• [Task details]: Write the records out exactly, so that no picture remains in the copy.
== Segment start ==
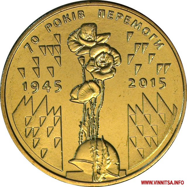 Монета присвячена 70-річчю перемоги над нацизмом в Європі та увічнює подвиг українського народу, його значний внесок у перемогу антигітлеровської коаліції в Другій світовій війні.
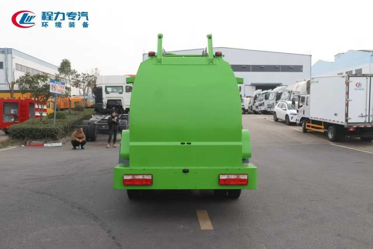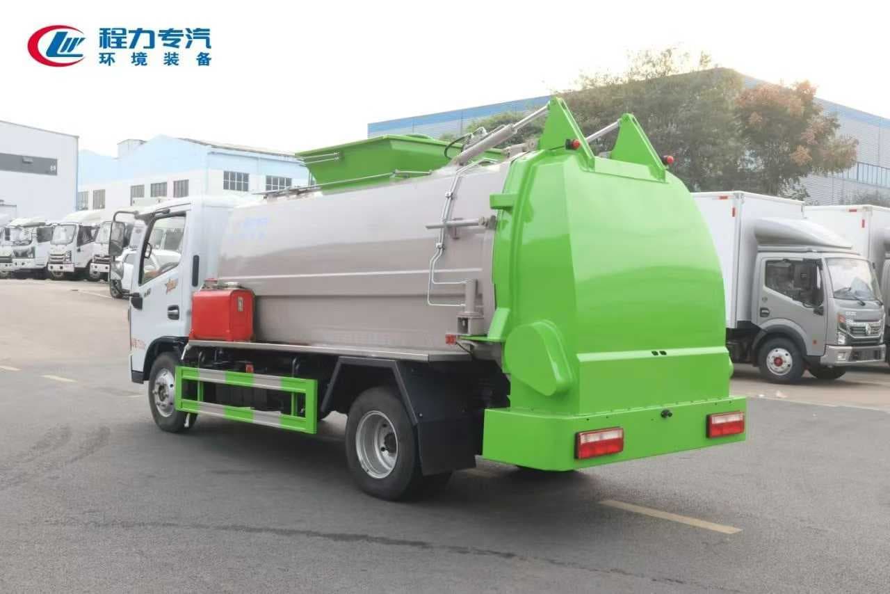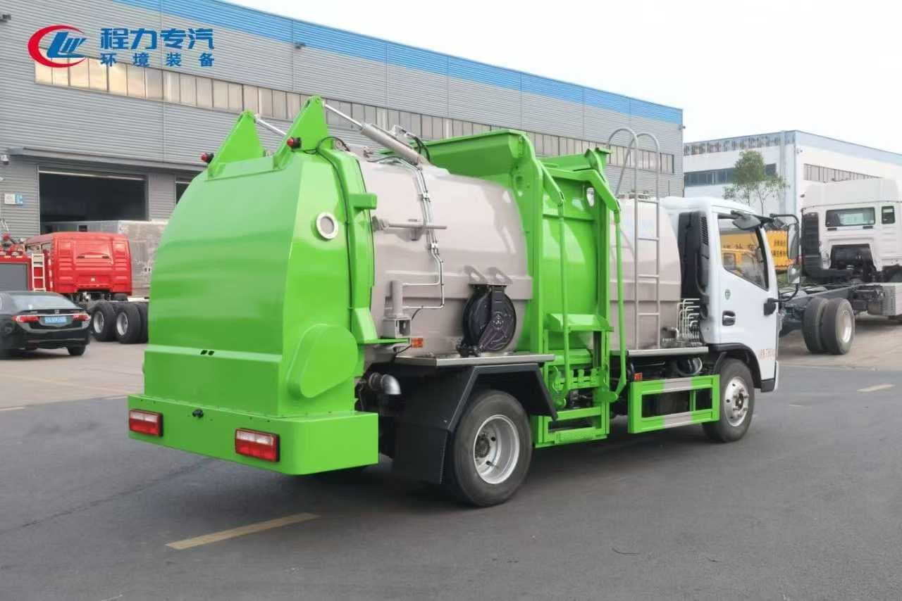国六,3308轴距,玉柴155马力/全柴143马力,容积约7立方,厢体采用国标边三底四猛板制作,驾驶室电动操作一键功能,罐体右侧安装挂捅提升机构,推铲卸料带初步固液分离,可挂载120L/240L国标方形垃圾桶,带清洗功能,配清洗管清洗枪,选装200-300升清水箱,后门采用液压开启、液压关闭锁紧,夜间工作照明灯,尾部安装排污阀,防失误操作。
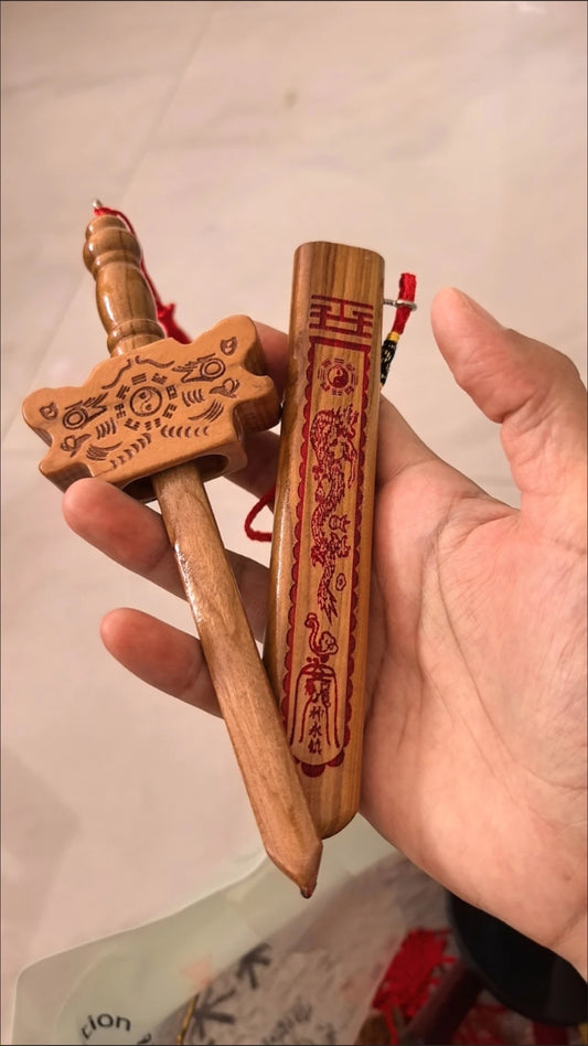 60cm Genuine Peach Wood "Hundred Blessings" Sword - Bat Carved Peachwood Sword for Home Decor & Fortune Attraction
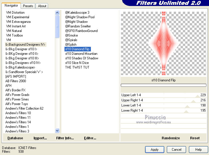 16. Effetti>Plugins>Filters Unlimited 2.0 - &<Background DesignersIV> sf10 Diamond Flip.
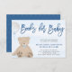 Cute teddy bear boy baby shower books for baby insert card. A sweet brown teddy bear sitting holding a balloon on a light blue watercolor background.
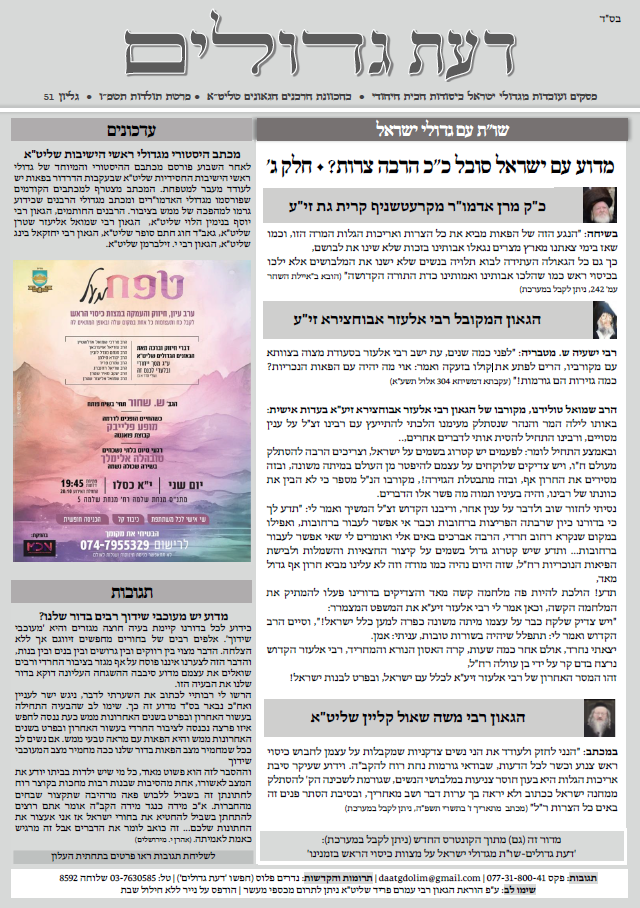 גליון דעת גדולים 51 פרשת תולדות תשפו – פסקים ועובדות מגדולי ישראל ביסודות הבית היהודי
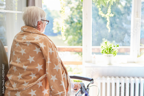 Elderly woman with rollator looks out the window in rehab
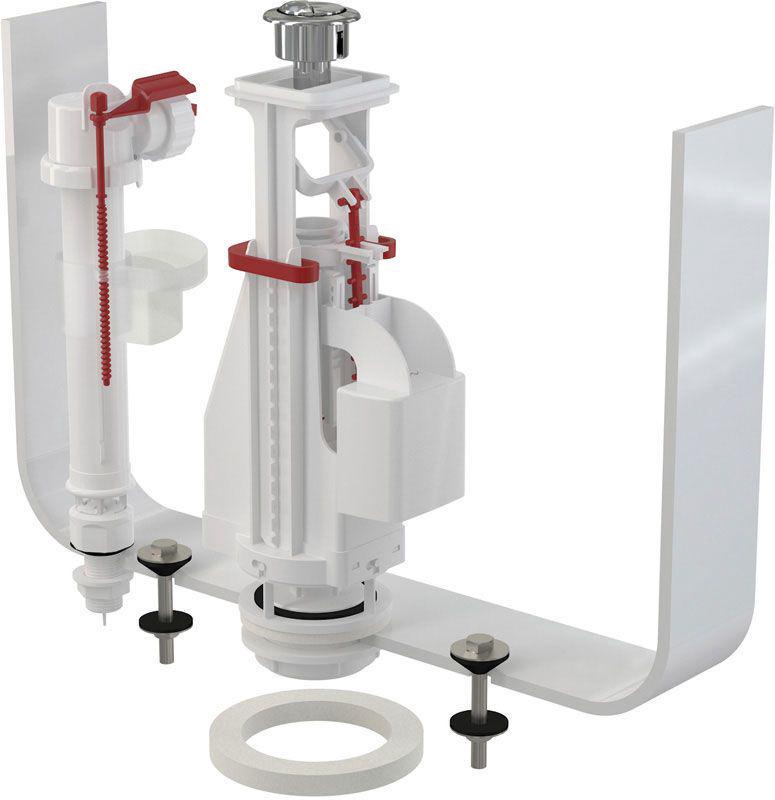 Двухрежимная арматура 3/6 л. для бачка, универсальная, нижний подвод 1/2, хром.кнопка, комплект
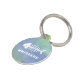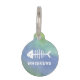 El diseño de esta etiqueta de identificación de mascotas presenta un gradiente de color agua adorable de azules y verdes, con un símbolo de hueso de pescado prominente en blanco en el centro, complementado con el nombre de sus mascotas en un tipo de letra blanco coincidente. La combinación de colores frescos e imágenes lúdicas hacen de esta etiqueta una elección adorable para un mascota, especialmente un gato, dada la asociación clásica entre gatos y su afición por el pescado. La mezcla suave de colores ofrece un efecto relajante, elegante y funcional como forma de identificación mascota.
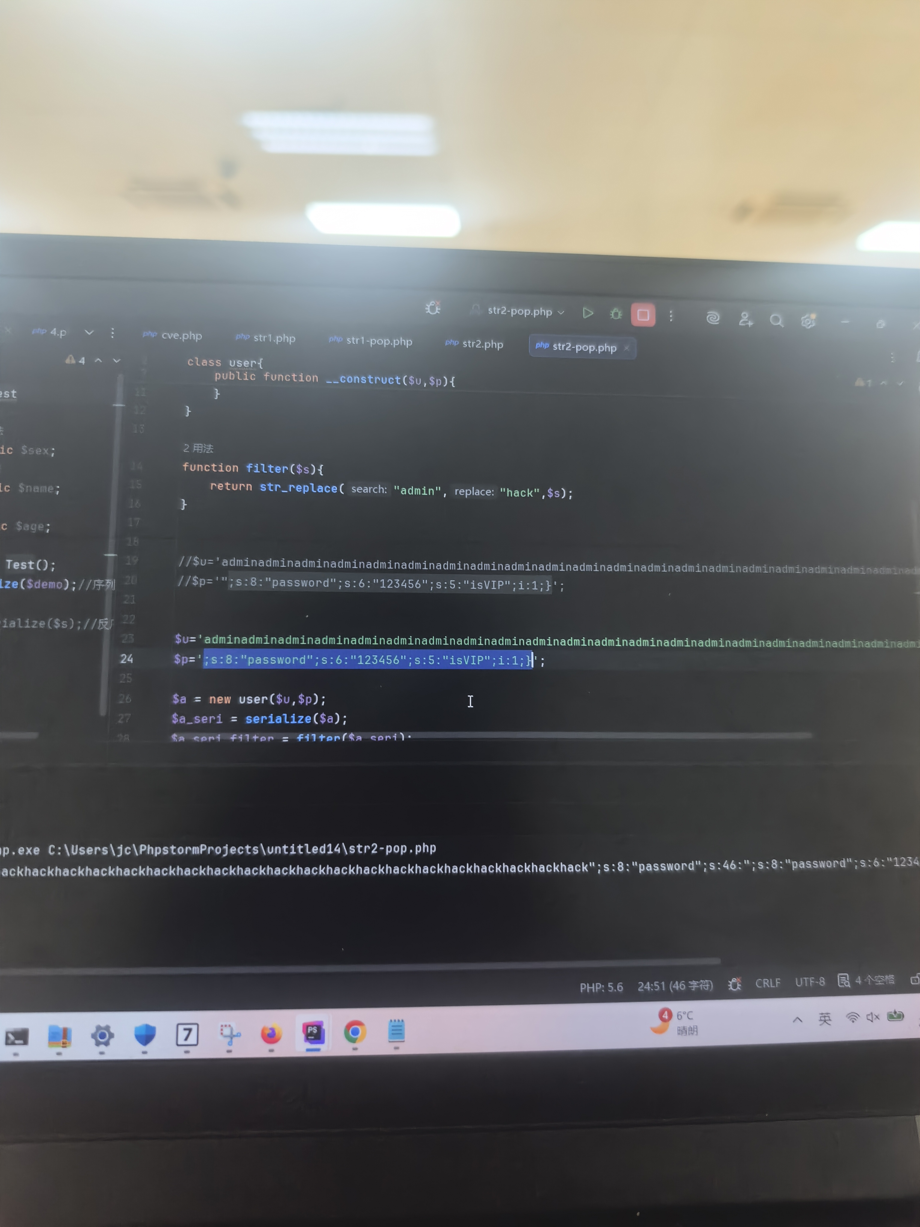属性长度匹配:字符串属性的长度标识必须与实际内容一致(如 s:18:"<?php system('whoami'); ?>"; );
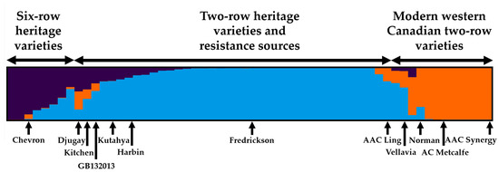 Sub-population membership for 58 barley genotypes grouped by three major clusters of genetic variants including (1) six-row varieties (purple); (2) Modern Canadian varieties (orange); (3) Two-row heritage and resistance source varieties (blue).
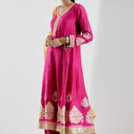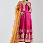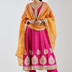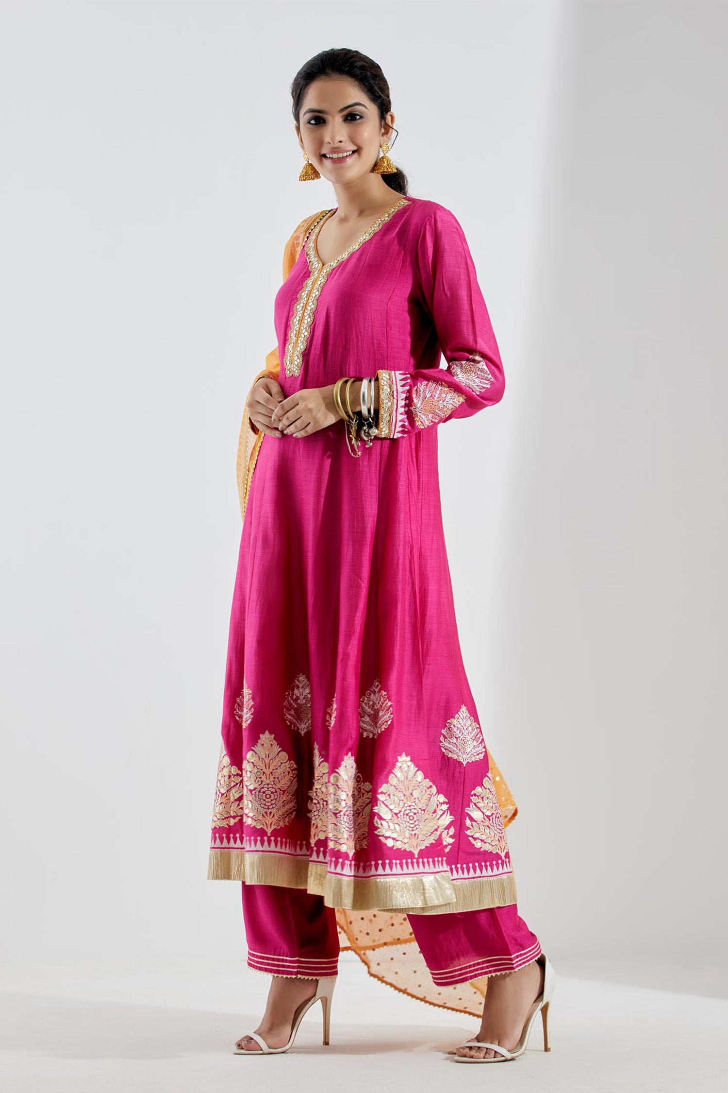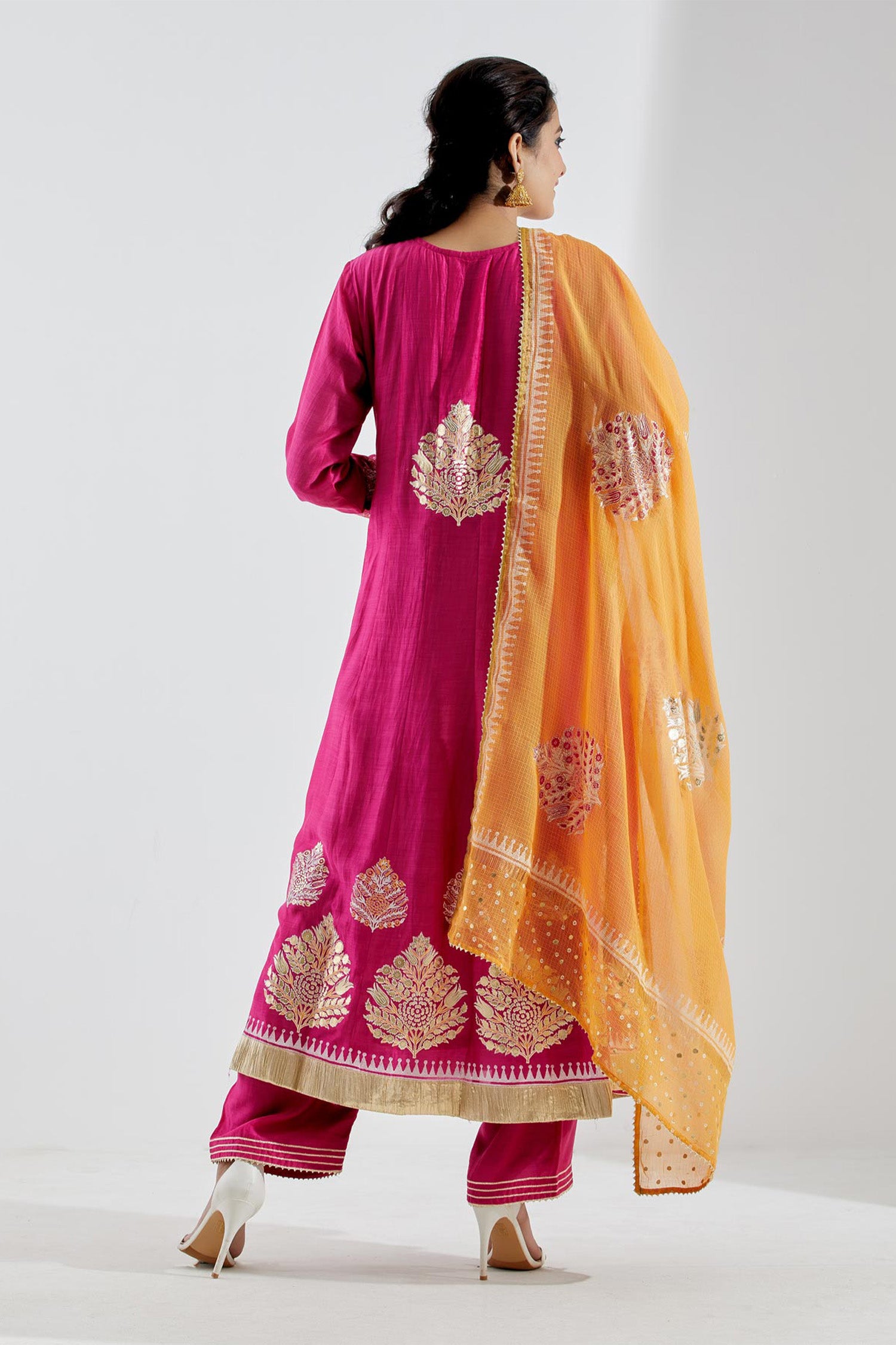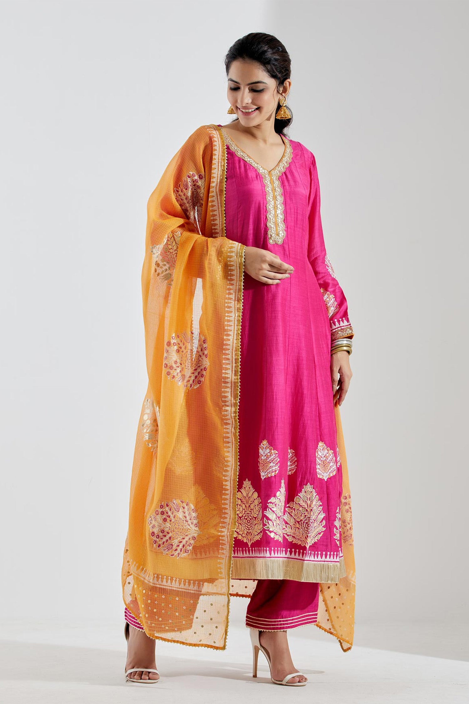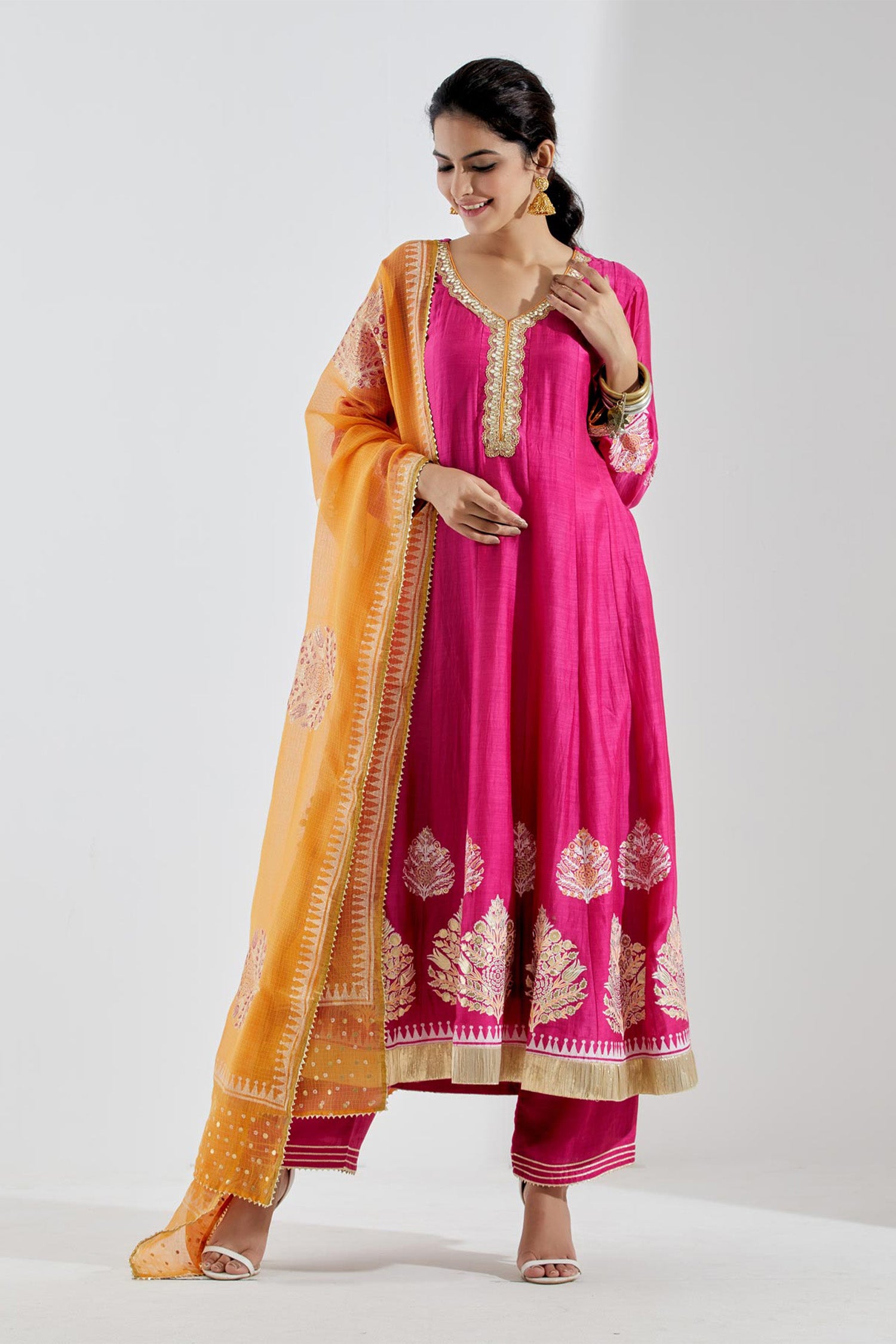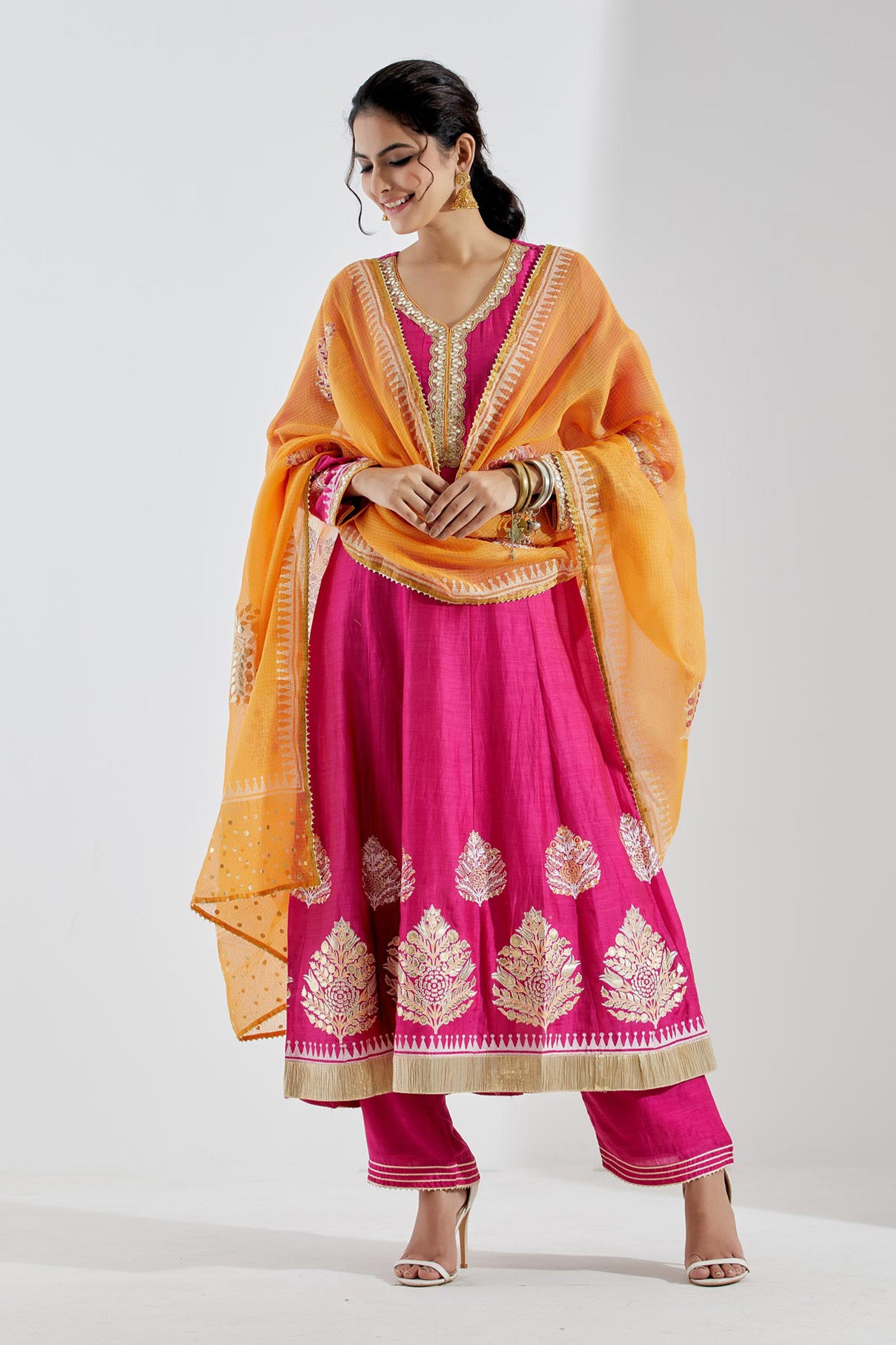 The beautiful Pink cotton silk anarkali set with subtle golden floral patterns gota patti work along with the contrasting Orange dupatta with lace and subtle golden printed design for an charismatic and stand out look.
== Segment end ==
• [Result]:
 Монета присвячена 70-річчю перемоги над нацизмом в Європі та увічнює подвиг українського народу, його значний внесок у перемогу антигітлеровської коаліції в Другій світовій війні.
国六,3308轴距,玉柴155马力/全柴143马力,容积约7立方,厢体采用国标边三底四猛板制作,驾驶室电动操作一键功能,罐体右侧安装挂捅提升机构,推铲卸料带初步固液分离,可挂载120L/240L国标方形垃圾桶,带清洗功能,配清洗管清洗枪,选装200-300升清水箱,后门采用液压开启、液压关闭锁紧,夜间工作照明灯,尾部安装排污阀,防失误操作。
 60cm Genuine Peach Wood "Hundred Blessings" Sword - Bat Carved Peachwood Sword for Home Decor & Fortune Attraction
 16. Effetti>Plugins>Filters Unlimited 2.0 - &<Background DesignersIV> sf10 Diamond Flip.
 Cute teddy bear boy baby shower books for baby insert card. A sweet brown teddy bear sitting holding a balloon on a light blue watercolor background.
 גליון דעת גדולים 51 פרשת תולדות תשפו – פסקים ועובדות מגדולי ישראל ביסודות הבית היהודי
 Elderly woman with rollator looks out the window in rehab
 Двухрежимная арматура 3/6 л. для бачка, универсальная, нижний подвод 1/2, хром.кнопка, комплект
 El diseño de esta etiqueta de identificación de mascotas presenta un gradiente de color agua adorable de azules y verdes, con un símbolo de hueso de pescado prominente en blanco en el centro, complementado con el nombre de sus mascotas en un tipo de letra blanco coincidente. La combinación de colores frescos e imágenes lúdicas hacen de esta etiqueta una elección adorable para un mascota, especialmente un gato, dada la asociación clásica entre gatos y su afición por el pescado. La mezcla suave de colores ofrece un efecto relajante, elegante y funcional como forma de identificación mascota.
属性长度匹配:字符串属性的长度标识必须与实际内容一致(如 s:18:"<?php system('whoami'); ?>"; );
 Sub-population membership for 58 barley genotypes grouped by three major clusters of genetic variants including (1) six-row varieties (purple); (2) Modern Canadian varieties (orange); (3) Two-row heritage and resistance source varieties (blue).
 The beautiful Pink cotton silk anarkali set with subtle golden floral patterns gota patti work along with the contrasting Orange dupatta with lace and subtle golden printed design for an charismatic and stand out look.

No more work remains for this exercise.